As I read up on the history of railroading in Arkansas it is apparent that there were a lot of small coal, zinc and lead mines. 

This leads to a few questions:

What would the entrances of small coal, zinc and lead mines look like?

How would the railroads have transported zinc and lead? I would guess in hoppers just like coal but I would like to confirm it.

If the mines brought the ore out in mine cars, how did they transfer it to main line railroad cars? Same question if the local short line was narrow gauge and the ore needed to be transferred to standard gauge cars? 


Was the ore typically transported a long distance to be processed or would it have been processed near the mines and some sort of finished product then shipped elsewhere? 

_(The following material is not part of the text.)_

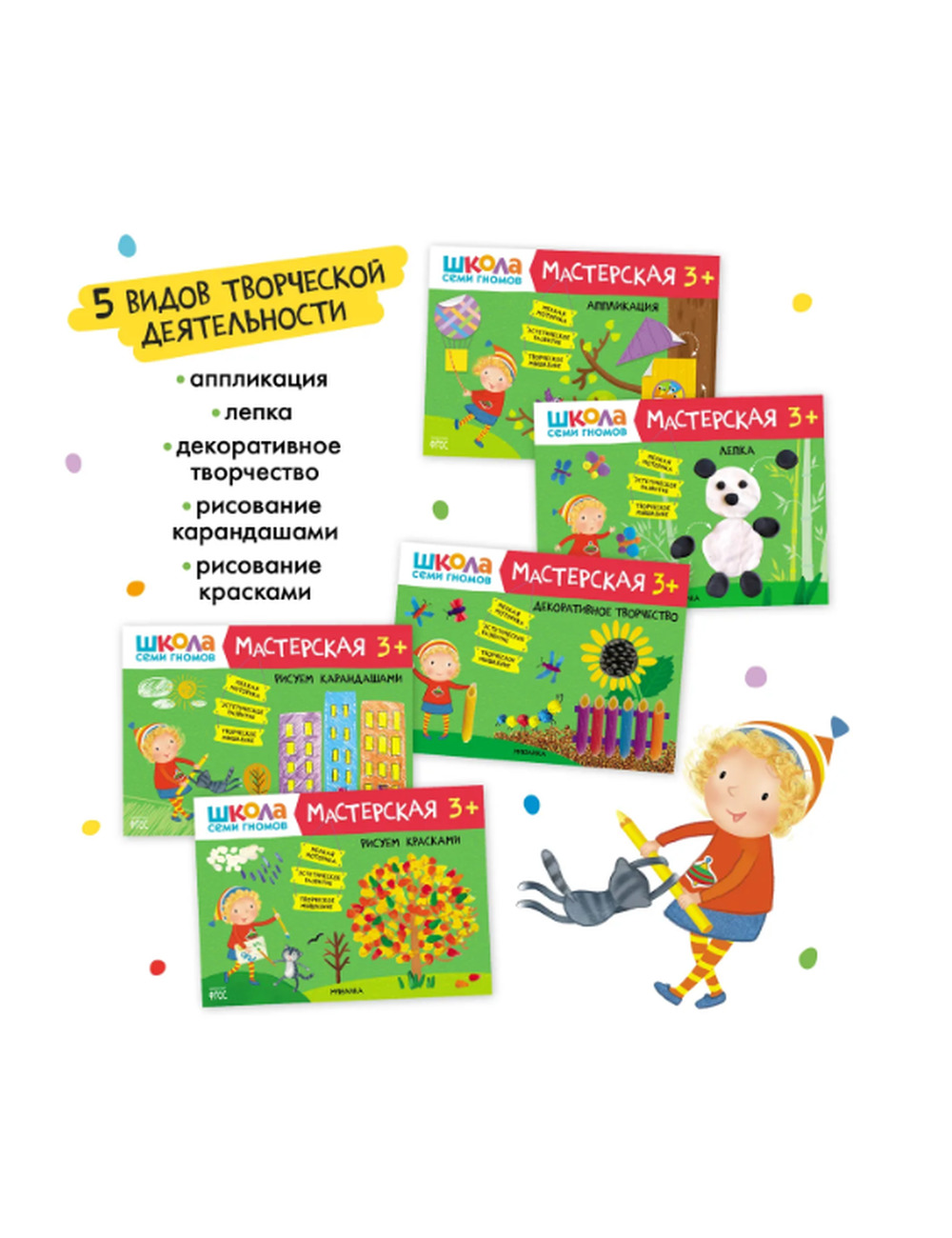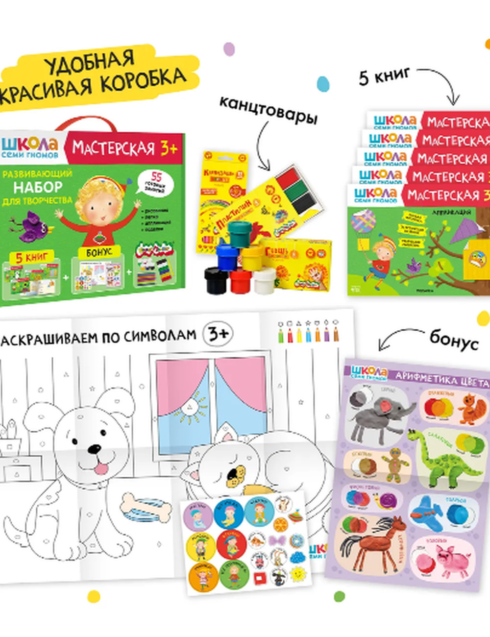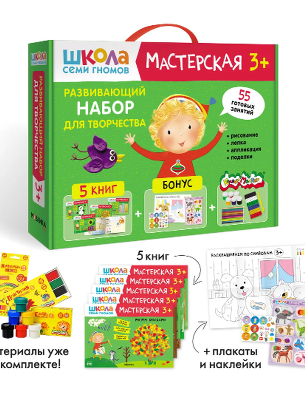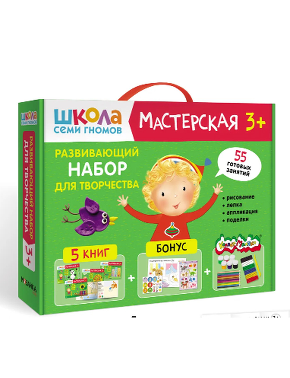 "Школа Семи Гномов. Мастерская 3+" - развивающий набор, который поможет легко организовать веселые и полезные занятия творчеством с детьми от 3 до 4 лет. Это 55 готовых занятий, которые помогут ребенку освоить все основные виды творческой деятельности: аппликацию, рисование красками и карандашами, лепку и создание поделок из доступных материалов.

Is there a common (cheap) material that looks like zinc or lead ore that could be loaded into hoppers etc.? 


I am thinking in the era around 1920 - 1945. 


Any other general (underground) mine operation type of information would be appreciated. 


If anyone models this type of mine I would appreciate any photos and or descriptions of how they are simulated.

Also it is puzzling to me why there were so many such mines in Arkansas in the past but they seem to be no longer in existence today. Did they just run dry or did it become uneconomical to mine them?


What would have happened to those abandoned mines? Is it likely that there are old mines that may still be accessible and if so how would one go about locating them? 


Thanks,

Jerry


----------



## Pete Thornton (Jan 2, 2008)

Jerry, 

Narrow Gauge and Short Line Gazette (I think) ran an article about the desert wooden monorail that was somewhere in your locale. It transported ore from a mine and had lots of photos of the mine, the interchanges, etc. 
It was a magnesium mine if that's any good. *The American Magnesium Company Monorail * Narrow Gauge & Short Line Gazette January/February 2008. http://www.ngslgazette.com/issue.htm (Amazing what Google can do. Hint.)
Or you could try Google Books - or even your local library!


----------



## chuck n (Jan 2, 2008)

Jerry:

As to the probable locations for the lead and zinc mines in Arkansas you should contact the Arkansas State Geological Survey. Most state surveys have a good handle on historic mining activity. There are still some very large lead and zinc mines operating in southern Missouri. You might be able to drive by some of those and see how they are currently handling the ore.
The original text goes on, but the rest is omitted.